II. CASE EVALUATION SANCTIONS — DOCKET NO. 296102

This Court reviews de novo a trial court’s decision to grant case evaluation sanctions. Peterson v Fertel, 283 Mich App 232, 235; 770 NW2d 47 (2009). The trial court’s decision in this case turned on the interpretation of a court rule, which is a question of law that this Court reviews de novo. Haliw v Sterling Heights, 471 Mich 700, 704; 691 NW2d 753 (2005).

MCR 2.403 provides the framework for case evaluation in Michigan.
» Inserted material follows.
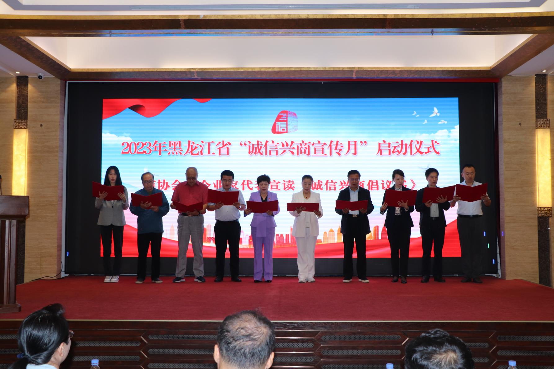 省委宣傳部、省直機(jī)關(guān)工委、省商務(wù)廳、省交通運(yùn)輸廳、省文旅廳、省國資委、省營商環(huán)境建設(shè)監(jiān)督局、哈爾濱海關(guān)、省稅務(wù)局、省市場(chǎng)監(jiān)督管理局、省外匯管理局、省高級(jí)人民法院、省工商聯(lián)、哈爾濱商業(yè)大學(xué)、省廣播電視臺(tái)等相關(guān)單位人員,省誠信建設(shè)促進(jìn)會(huì)、省社會(huì)保障行業(yè)協(xié)會(huì)、省內(nèi)行業(yè)商協(xié)會(huì)負(fù)責(zé)人,優(yōu)秀企業(yè)代表及媒體代表等100余人參加了啟動(dòng)儀式。

A party that has rejected a case evaluation must pay the opposing party’s actual costs if the verdict in the case is more favorable to the opposing party than the case evaluation, after adjustments as described in MCR 2.403(O)(3). See MCR 2.403(O)(l). The recoverable costs include reasonable attorney fees “for services necessitated by the rejection of the case evaluation.” MCR 2.403(O)(6).

The following portions of the rule are pertinent to this appeal:

(1) If a party has rejected an evaluation and the action proceeds to verdict, that party must pay the opposing party’s actual costs unless the verdict is more favorable to the rejecting party than the case evaluation.